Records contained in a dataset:
'''

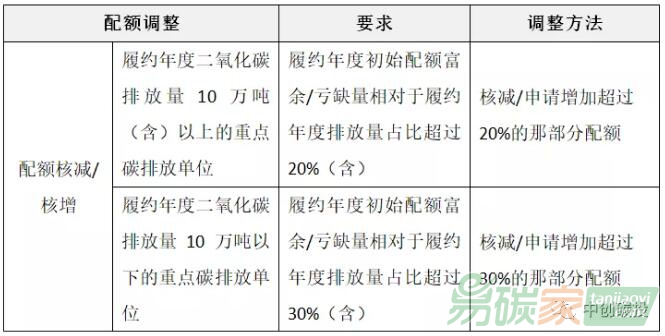 配額調(diào)整分為配額核增和配額核減兩種情況??蛇M行配額調(diào)整的適用范圍進一步擴大,一是對于履約年度已停產(chǎn)的重點碳排放單位或已停產(chǎn)的生產(chǎn)線,不再核發(fā)其配額。二是對于履約年度既有設(shè)施相對于歷史基準年發(fā)生重大變化的重點碳排放單位,應(yīng)調(diào)整該既有設(shè)施在基準年排放量的基礎(chǔ)上核發(fā)配額。三是針對非技術(shù)原因?qū)е碌倪^量配額富缺特殊情況,采用配額調(diào)整機制。(注:此部分在北京市重點碳排放單位配額核定方法正文中。)
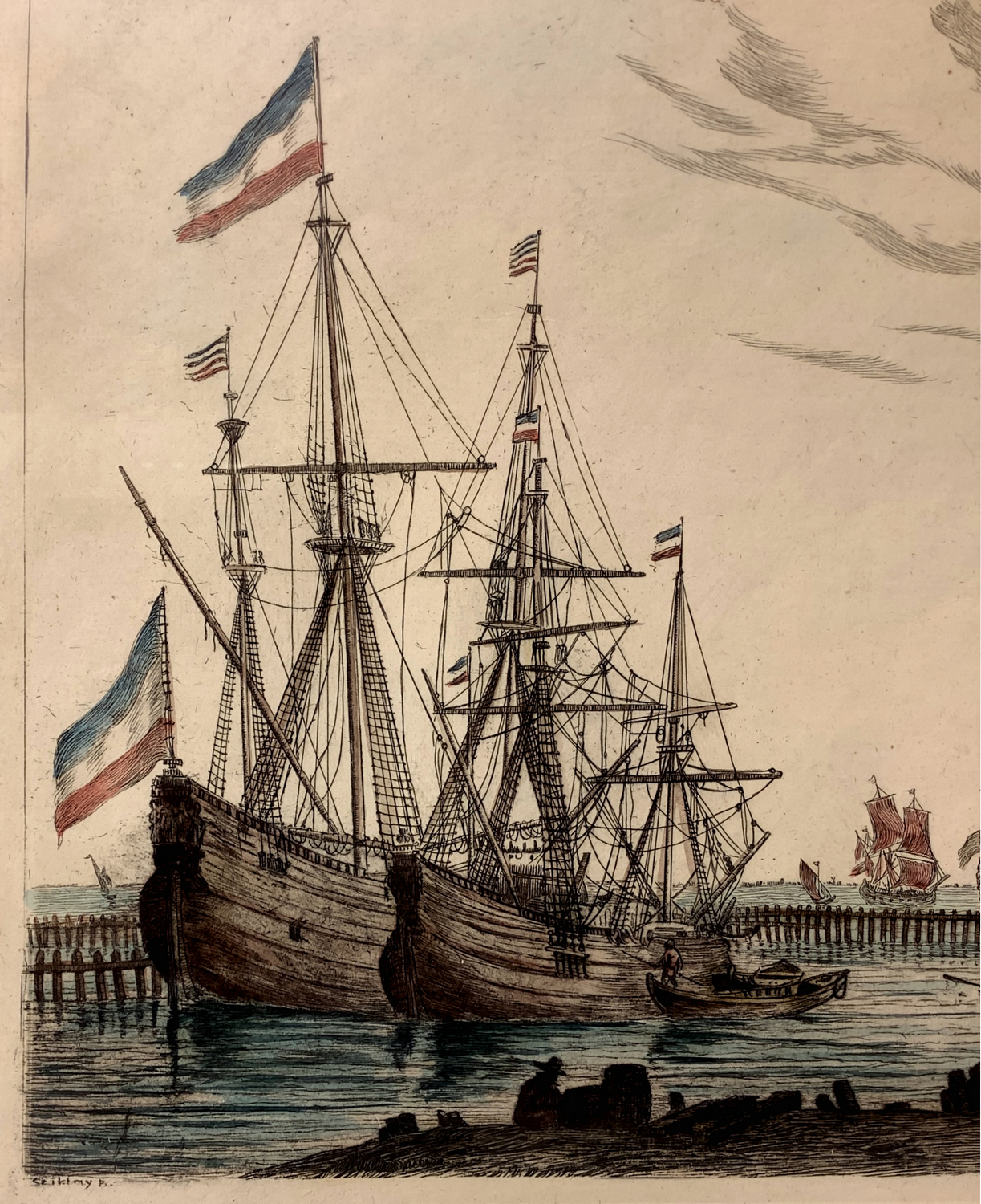 Incisione ad acquaforte colorata a mano. Copia da quattro velieri olandesi...
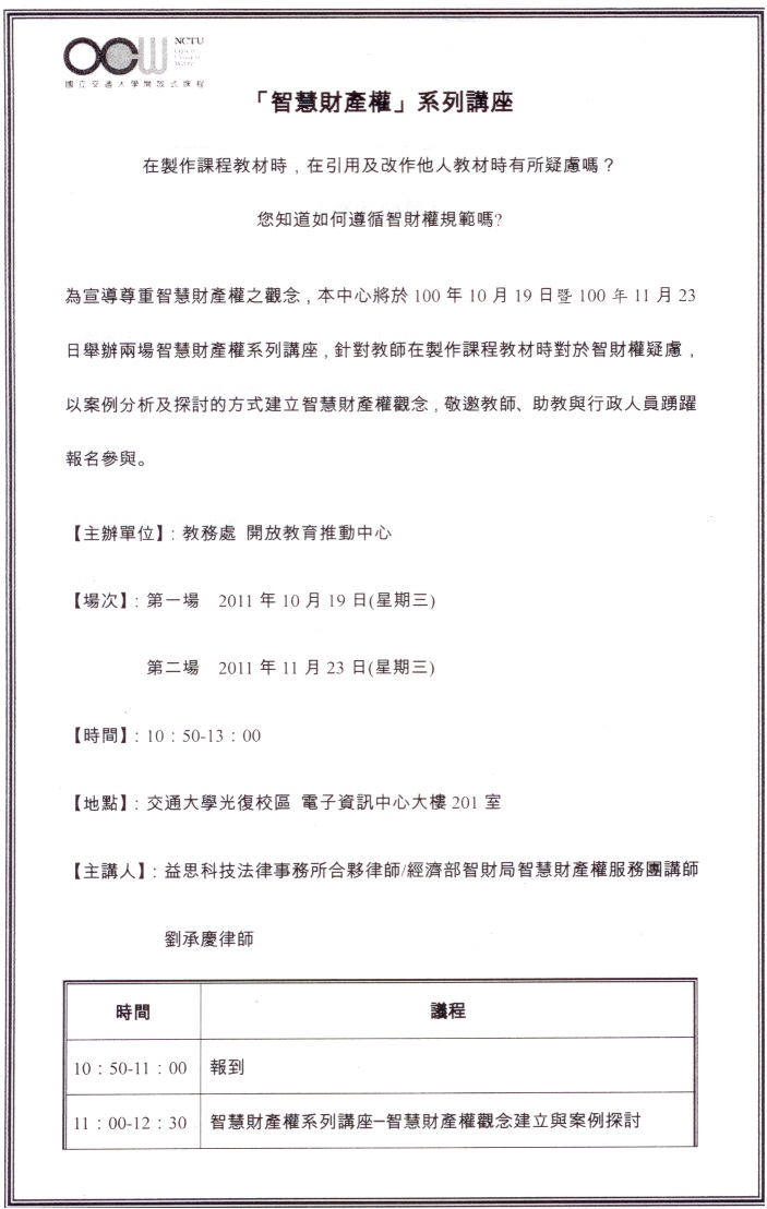 國立交通大學於100年10月19日及11月23日舉辦兩場「智慧財產權系列講座」
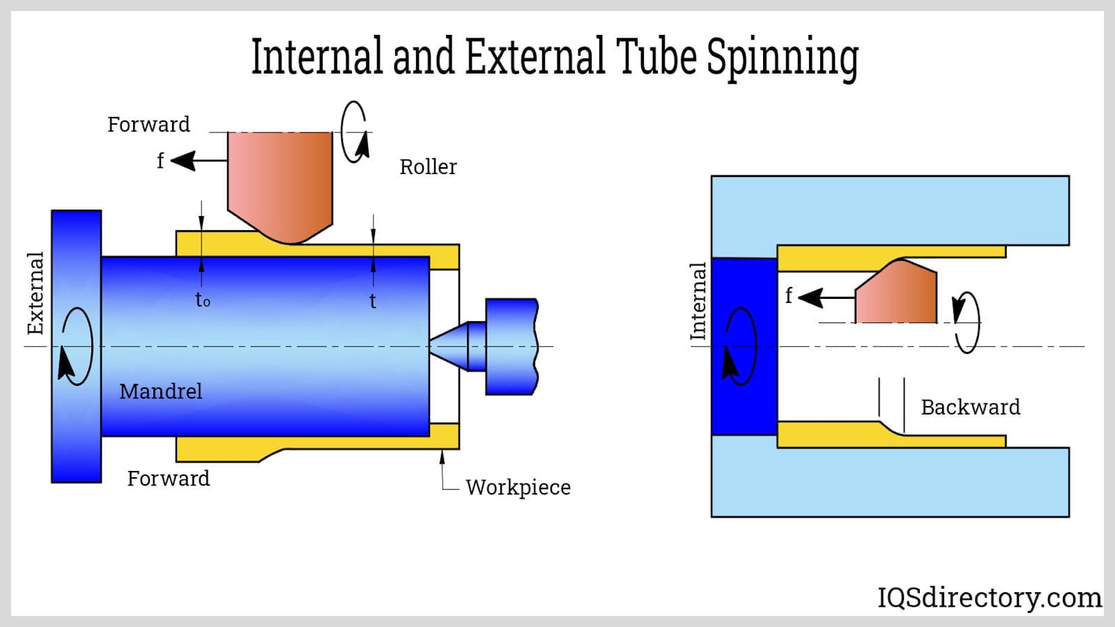 Tube spinning, a form of precision flow forming, stretches and elongates tubing to alter its wall thickness and mechanical characteristics. During tube spinning, the tube is mounted over a mandrel and drawn along its axis by synchronized rollers positioned around its circumference. The process may be performed externally—stretching the tube over a solid mandrel—or internally, spinning tubing within a hollow mandrel. Tube spinning is frequently utilized in the aerospace and energy sectors to manufacture seamless tubes with consistent properties and variable diameters.
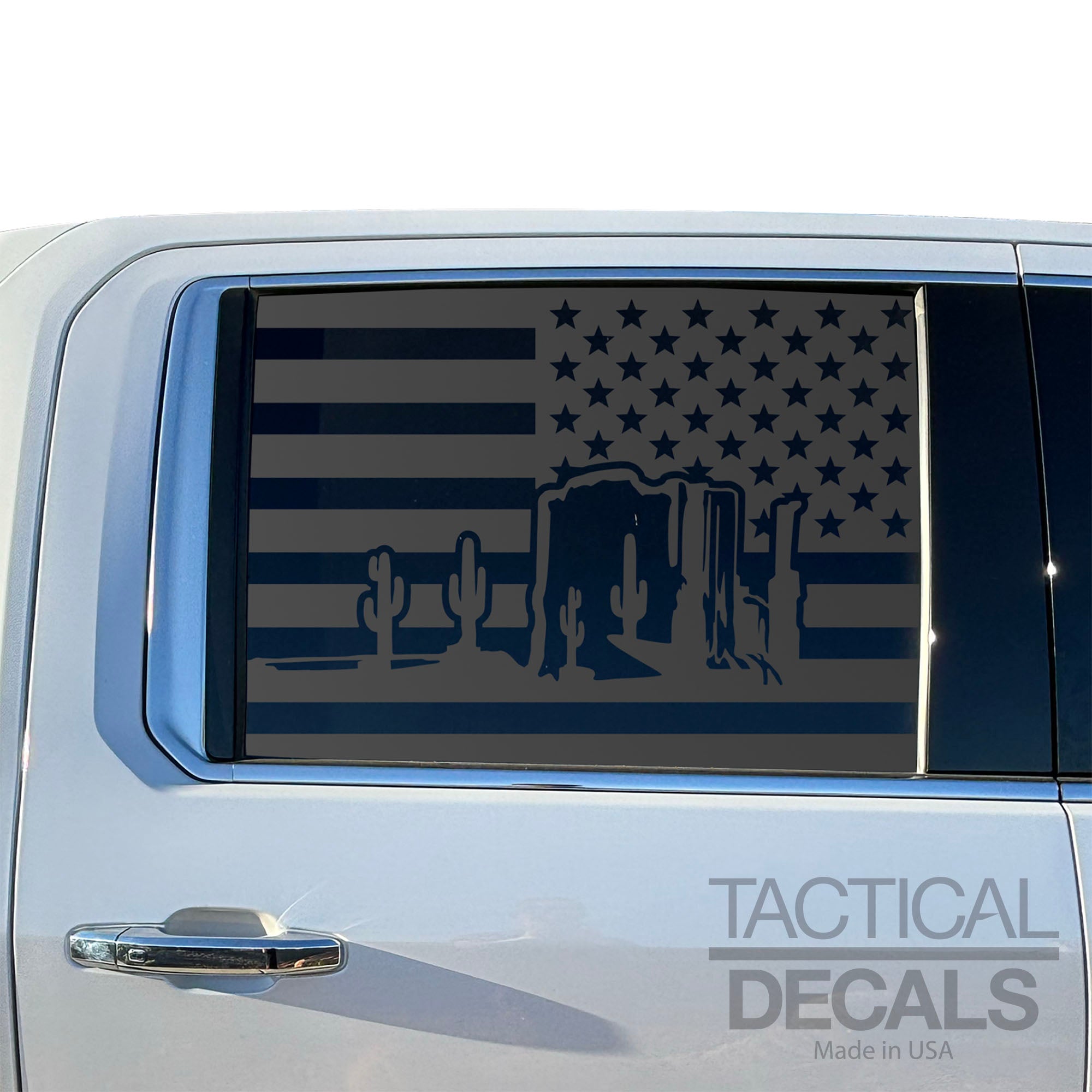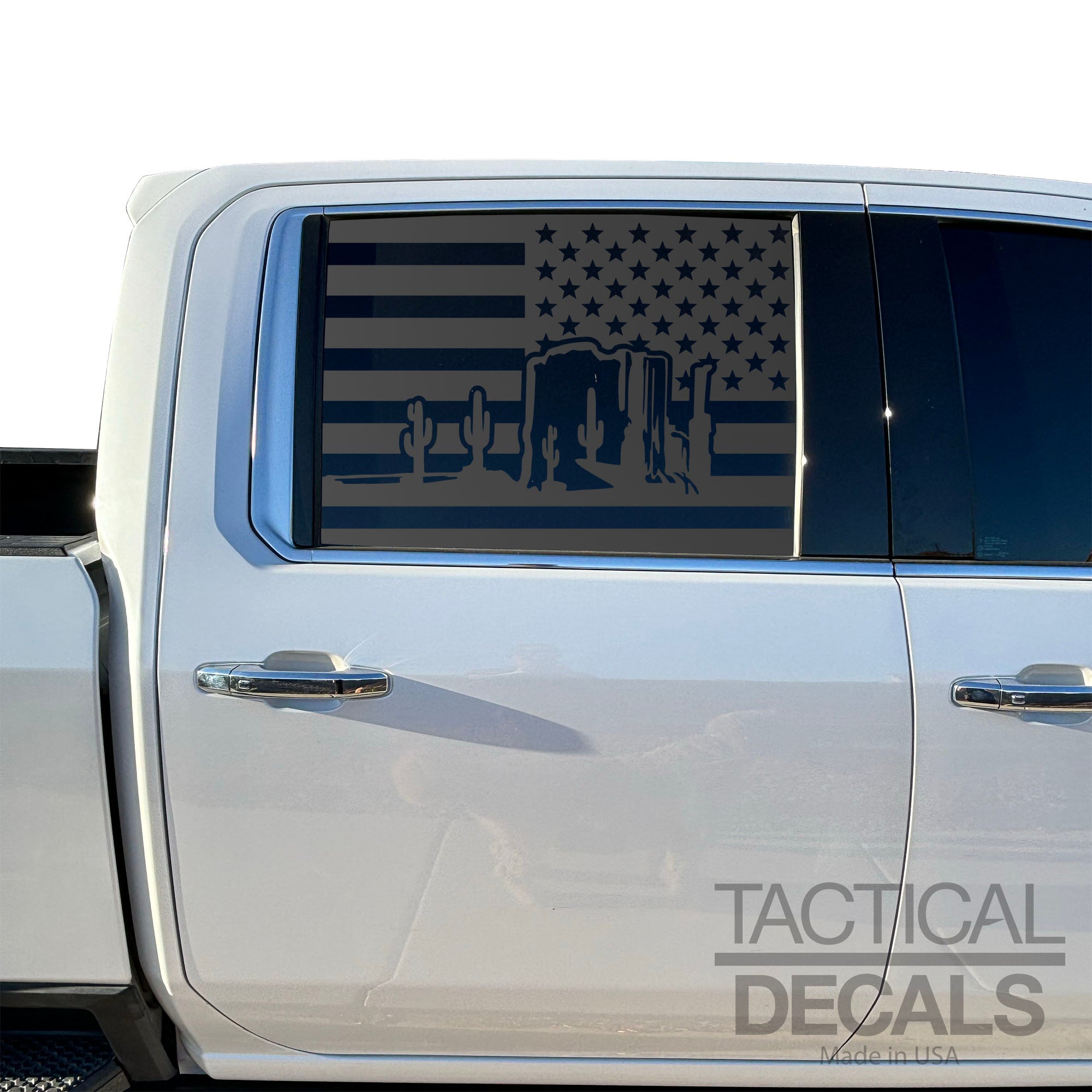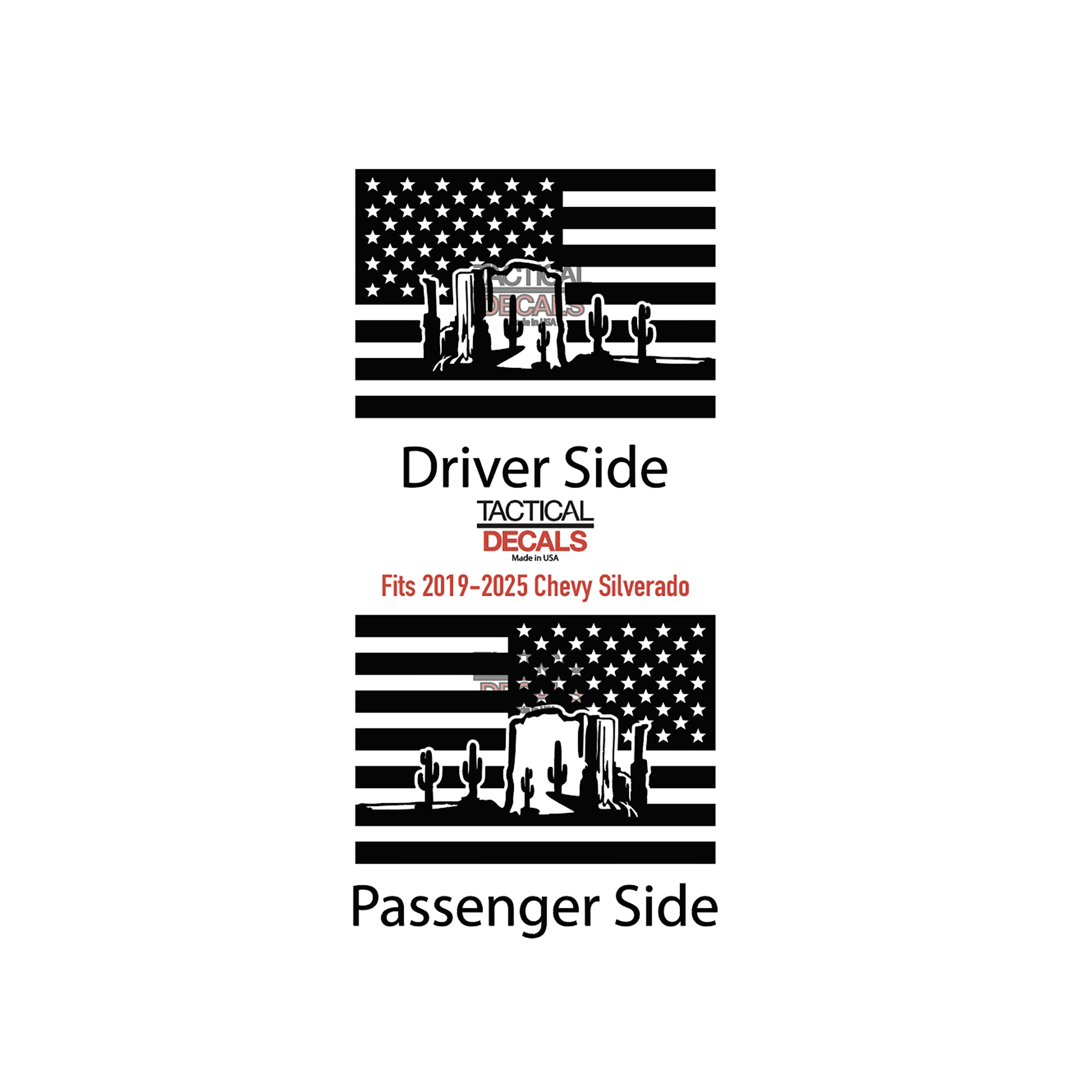 USA Flag Decal with Arizona Desert Scene for 2019-2025 Chevy Silverado Rear Window - Matte Black

'''

[Task brief]: A verbatim transcription of the records, pictures excluded, is the required output.

[Written reply]:
 配額調(diào)整分為配額核增和配額核減兩種情況??蛇M行配額調(diào)整的適用范圍進一步擴大,一是對于履約年度已停產(chǎn)的重點碳排放單位或已停產(chǎn)的生產(chǎn)線,不再核發(fā)其配額。二是對于履約年度既有設(shè)施相對于歷史基準年發(fā)生重大變化的重點碳排放單位,應(yīng)調(diào)整該既有設(shè)施在基準年排放量的基礎(chǔ)上核發(fā)配額。三是針對非技術(shù)原因?qū)е碌倪^量配額富缺特殊情況,采用配額調(diào)整機制。(注:此部分在北京市重點碳排放單位配額核定方法正文中。)
 Incisione ad acquaforte colorata a mano. Copia da quattro velieri olandesi...
 國立交通大學於100年10月19日及11月23日舉辦兩場「智慧財產權系列講座」
 Tube spinning, a form of precision flow forming, stretches and elongates tubing to alter its wall thickness and mechanical characteristics. During tube spinning, the tube is mounted over a mandrel and drawn along its axis by synchronized rollers positioned around its circumference. The process may be performed externally—stretching the tube over a solid mandrel—or internally, spinning tubing within a hollow mandrel. Tube spinning is frequently utilized in the aerospace and energy sectors to manufacture seamless tubes with consistent properties and variable diameters.
 USA Flag Decal with Arizona Desert Scene for 2019-2025 Chevy Silverado Rear Window - Matte Black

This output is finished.